Document Type : Research Articles
Immunology of Infectious Diseases Research Center, Research Institute of Basic Medical Sciences, Rafsanjan University of Medical Sciences, Rafsanjan, Iran.
Molecular Medicine Research Center, Research Institute of Basic Medical Sciences, Rafsanjan University of Medical Sciences, Rafsanjan, Iran.
Department of Clinical Biochemistry, Faculty of Medicine, Rafsanjan University of Medical Sciences, Rafsanjan, Iran.

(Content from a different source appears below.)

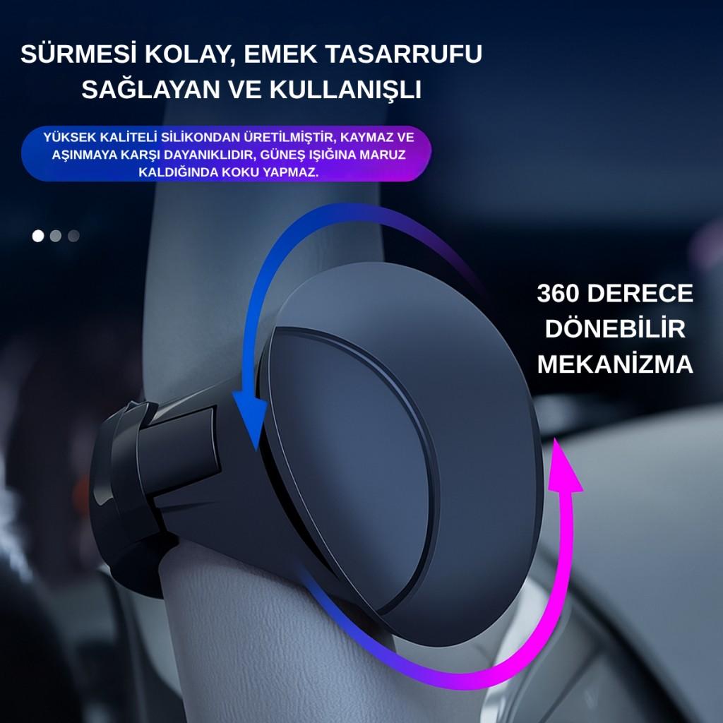 Tüm araç direksiyonlarına uyumlu bu 360° dönebilen direksiyon topuzu, manevraları çok daha kolay ve pratik hale getirir. Özellikle park ederken, dar alanlarda dönerken veya uzun yol sürüşlerinde konfor sağlar.

Objective: The present study aims to examine the effects of nisin on the survival and apoptosis of the hepatoma cell line HepG2 and to investigate possible apoptosis pathways activated by nisin. Materials and Methods: For this purpose, viability and apoptosis of the cells were accomplished by the nisin treatment using the MTT assay and Annexin-V-fluorescein/propidium iodide (PI) double staining, respectively. Additionally, the human apoptosis PCR array was performed to determine pathways or genes activated by nisin during possible apoptosis. Results: The results of the present study showed that nisin was able to decrease cell viability (IC50 ~ 40 µg/ml) in a dose-dependent manner and could induce apoptosis in HepG2 cells. PCR data indicated a considerable increase in the expression of genes, such as caspase and BCL2 families, involved in the induction of apoptosis. Conclusions: The data from this study showed that overexpression of genes involved in the intrinsic pathway of apoptosis, especially caspase-9 and BID, increased apoptosis in HepG2 cells treated by nisin, compared to the control group.